My daughters syrian hamster has died suddenly after 3 months. He seemed very lively the night before racing around his cage and has been eating ok although he has been drinking rather a lot recently. He usually sleeps in his house but in the morning noticed he was sleeping in the corner of the cage. He didn't wake for his food as he usually did and realised a lot later when she got in from school the hamster was dead and in the same place. There was a bit of Poo near him but not excessive amounts. It just seems a mystery as before this he looked and acted very healthy. What do you think it could be? It's her first pet and she is so upset about it.
Submitted: 3 years ago.
Category: Vet
Expert:  Dr. Kara replied 3 years ago.
Hello, my name isXXXXX have over 20 years of experience as a veterinarian and I'd like to help with your questions regarding your daughter's hamster's sudden death.

Leonard may have had heart disease (which we see as a genetically based, congenital problem in these little ones as they are very inbred). Unfortunately heart disease is not very treatable in these little ones. Cardiomyopathy is a known defect in hamsters. They often die a sudden death at a very early age from this so the history you have given makes me think that Leonard had cardiomyopathy. In this disease the heart muscle becomes very weak and doesn't circulate blood through the body and lungs properly. This leads to pulmonary edema, or fluid build up in the lungs, which makes oxygen exchange in the blood cells very difficult. This causes weakness, poor appetite and difficulty getting around due to low oxygen levels. They can die suddenly from a blood clot being thrown. These clots form because of the abnormal circulation in the diseased heart. They will often drink more because the body reads low oxygen levels as dehydration stimulating the thirst center, so that makes sense too.

Other possibilities are other congenital organ failures like liver or kidney disease, though these are much less common in hamsters then other species.

Please tell your daughter that it is very unlikely that she did nothing wrong, that she just had the misfortune to fall in love with a sick little fellow. Because hamsters are most active when we are sleeping we often miss that they aren't playing as long or as hard as they usually do. Hamsters are prey animals and are masters at hiding their illnesses from us.

If your daughter chooses to get another hamster I'll give you some general care guidelines.

Please don't use wood chips of any type for bedding.
Wood chips of any kind can be a problem. They release aromatic oils and can carry bacterial and fungal spores. I recommend recycled paper pulp bedding as it is hypoallergenic, nontoxic and absorptive.

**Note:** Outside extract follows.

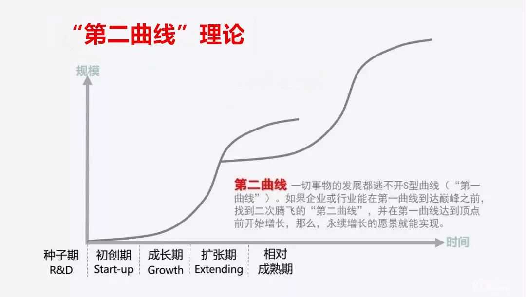 6.第二曲线:当企业某经营要素出现业绩增长拐点的时候,就必须思考通过创新发现“第二曲线”来弥补“第一曲线”即将面临的增长放缓,甚至业绩下降。

What should you use to clean the cage? I like very dilute antibacterial hand soap with very hot water, then rinse well in very hot water and dry well. You can also use a 5% bleach solution, but you must rinse very well to remove any odor. The cage should be cleaned completely weekly as hamster urine is very concentrated and can be very irritating to the nasal passages.

Ideally they should be eating rodent blocks. These are nutritionally complete whereas with seed mixes they eat what they like, not necessarily what is good for them, making for a weak immune system and poor bone structure (as seeds tend to be high in phosphorus and low in calcium).

Inside the cage give them things to chew on (untreated pine wood blocks and nonscented paper towel and toilet paper rolls are fine) as well as an exercise wheel. If it's squeaky use olive oil to grease the axle.
Small cardboard boxes to play in, chew on and hide in are great too.

Keep the cage away from drafts, including heating vents and windows/doors.

And make sure that the cage is in a quiet area so that he or she can get needed rest in during the day.
None of us are very friendly when we are tired.

If you notice that her or she isn't eating normally, you notice changes in the coat or feces, lethargy, or sneezing then it's time to seek a veterinarian who is comfortable treating hamsters. These little ones are prey items so they hide their illnesses well, if you think that your hamster is sick it is likely he or she is sick.

Please let me know if you have further questions.